The Fund was constituted at Toynbee Hall on 19 September 1982. Trustees were: Ann Crisp, wife of Toynbee Hall Deputy Warden, John Crisp; Mr John Crisp, Freny Kapadia (Toynbee Hall Resident); Bob Le Vaillant (Toynbee Hall Resident); and Derek Noblett (Police Constable, H District Metropolitan Police Youth & Community Section).

The objects of the Fund were to "assist families which include children who have qualified for holidays through the Stepney Committee of the Children's Country Holidays Fund (CCHF), viz.,needy children of all races, colours and creeds aged between five and thirteen (five and twelve in the case of girls), whether or not such holidays have been provided." The Fund had power to raise funds and spend them on activities including outings, visits, parties, holidays, camps, etc. The Fund shared Toynbee Hall's Charity Registration 211850 and the Fund's accounts were audited and incorporated in Toynbee Hall's main accounts.

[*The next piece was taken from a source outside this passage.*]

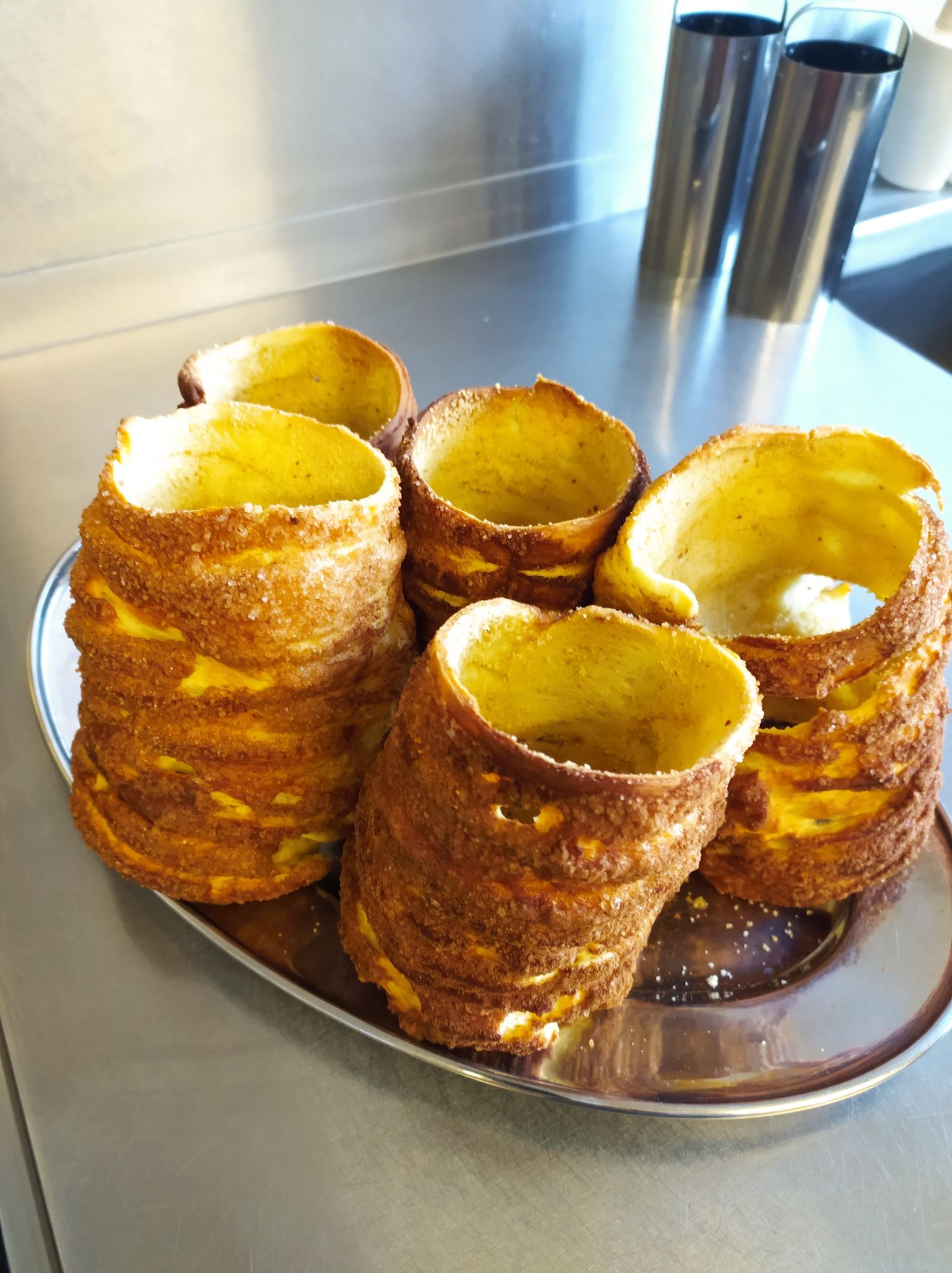 Ciasto partiami rozwałkowywać, ciąć paski o szerokości 1-1,5 cm i długości ok. 15 -20 cm. Nawijać na foremki pas ciasta tak, aby jeden brzeg ciasta zachodził na poprzedni. Wierzchnią część posmarować białkiem jaja, następnie obtoczyć w cukrze wymieszanym z cynamonem. Rurki ułożyć na blaszce na stojąco lub leżąco, zachowując odstępy ok. 4 cm. Piec w gorącym piekarniku na złoty kolor około 20 minut.
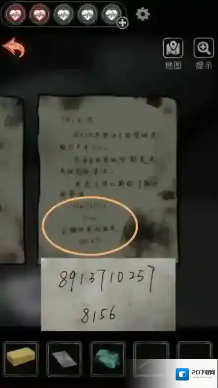 11、转到治疗室的右侧场景,移开床底下的人偶,找到叠纸。结合最后一张纸的提示和柜子上的纸条,输入密码打开柜子。柜子密码为:913707。

In 1986 on Bob Le Vaillant's retirement from the Forces and with a pledge by BP of salary funding for a Director, Toynbee Hall appointed Bob Le Vaillant to set up and run a Children's Department. The department effectively absorbed Stepney Children's Fund work but nevertheless continued using the Fund's name as it was well-established and respected especially in areas of the countryside where 'Stepney' children camped or were sent on holidays.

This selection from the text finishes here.